Published online 2016 June 1. doi:  10.3390/nu8060322
PMCID: PMC4924163

Age-Dependent Changes in Resting Energy Expenditure (REE): Insights from Detailed Body Composition Analysis in Normal and Overweight Healthy Caucasians

Abstract

Age-related changes in organ and tissue masses may add to changes in the relationship between resting energy expenditure (REE) and fat free mass (FFM) in normal and overweight healthy Caucasians. Secondary analysis using cross-sectional data of 714 healthy normal and overweight Caucasian subjects (age 18–83 years) with comprehensive information on FFM, organ and tissue masses (as assessed by magnetic resonance imaging (MRI)), body density (as assessed by Air Displacement Plethysmography (ADP)) and hydration (as assessed by deuterium dilution (D2O)) and REE (as assessed by indirect calorimetry). High metabolic rate organs (HMR) summarized brain, heart, liver and kidney masses. Ratios of HMR organs and muscle mass (MM) in relation to FFM were considered. REE was calculated (REEc) using organ and tissue masses times their specific metabolic rates. REE, FFM, specific metabolic rates, the REE-FFM relationship, HOMA, CRP, and thyroid hormone levels change with age. The age-related decrease in FFM explained 59.7% of decreases in REE. Mean residuals of the REE-FFM association were positive in young adults but became negative in older subjects. When compared to young adults, proportions of MM to FFM decreased with age, whereas contributions of liver and heart did not differ between age groups. HOMA, TSH and inflammation (plasma CRP-levels) explained 4.2%, 2.0% and 1.4% of the variance in the REE-FFM residuals, but age and plasma T3-levels had no effects. HMR to FFM and MM to FFM ratios together added 11.8% on to the variance of REE-FFM residuals. Differences between REE and REEc increased with age, suggesting age-related changes in specific metabolic rates of organs and tissues. This bias was partly explained by plasmaT3-levels. Age-related changes in REE are explained by (i) decreases in fat free mass; (ii) a decrease in the contributions of organ and muscle masses to FFM; and (iii) decreases in specific organ and tissue metabolic rates. Age-dependent changes in the REE-FFMassociation are explained by composition of FFM, inflammation and thyroid hormones.

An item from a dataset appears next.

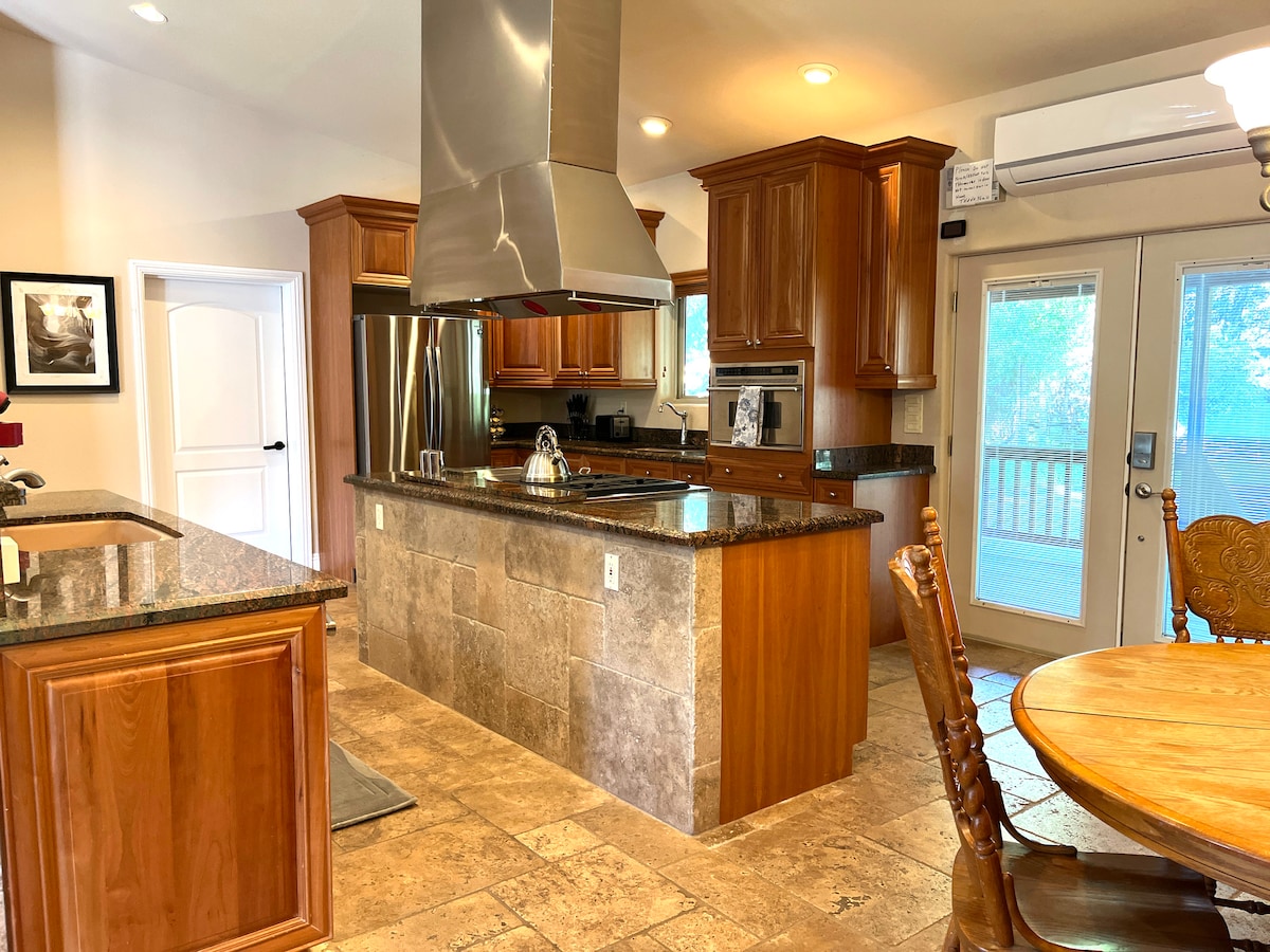 この川の家は、大きなポプラの木陰にあり、エスカランテ・キャニオン、牧草地、崖、川の景色が四方八方見渡せます。 玄関から一流の景色を楽しむハイキング。 玄関のすぐ外には自然の驚異があり、車で1時間以内にはさらに多くの自然の驚異があります。 朝と夕方に牧草地で鹿や野生の七面鳥を探し、渓谷の壁の上で雲の影が変化するのを見てください。 渓谷を上り下りして、荒々しい自然の中へ行った後は、快適な家に戻りましょう。

Keywords: age, body composition, resting energy expenditure, MRI, metabolic risk

1. Introduction

Resting energy expenditure (REE) decreases from young to old age by 1% to 2% per decade [1]. This is partly explained by age-related decreases in fat free mass (FFM) [2]. FFM accounts for 50%–70% of the variance in REE [3,4,5]. Metabolically, FFM is heterogeneous including high (i.e., heart, liver, kidneys and brain) and low metabolic rate organs and tissues (i.e., muscle mass and skeletal bone) [6]. In young adults, brain, liver, heart and kidney masses add up to approximately 12% of FFM but account for 60% of REE [3,7,8,9,10,11]. By contrast, muscle mass comprises more than 50% of FFM and accounts for up to 25% of REE only [5]. We have shown previously that REE and FFM change with age with gender-specific differences in the onset and magnitude of the age-related changes in metabolically active body components and REE [12]. Decreases in REE and body composition started between 30 and 45 years with decreases in REE adjusted for skeletal muscle and organ mass and adipose tissue by −145 kJ/day/decade and −604.8 kJ/day/decade after the age of 35.2 and 34.3 years in women and men, respectively [12]. There was first evidence that specific metabolic rates of major organs and tissues also decrease with age, and age-specific prediction algorithms have been published by Wang et al. [11,13]. Thus, the present evidence suggests that age-related decreases in REE are explained by decreases in both (i) FFM and (ii) the specific metabolic rate of organs and tissues. However, age-associated changes in the REE-FFM relationship still remain to be characterized.

The nature and the impact of age-related changes in organ and tissue masses together with changes in REE have not been widely examined. Two longitudinal studies, the Baltimore Longitudinal Study (BLSA) and Health Aging and Body Composition Study (Health ABC), indicated that a high resting metabolic rate at an older age was a risk factor of mortality [14] as well as for multi-morbidity in men [15,16]. The data of another longitudinal study, the German GISELA study [17] showed that REE decreases by 11.2 kJ/day and 34.1 kJ/day per year in women and men, respectively. However, in these studies, detailed composition of FFM has not been assessed.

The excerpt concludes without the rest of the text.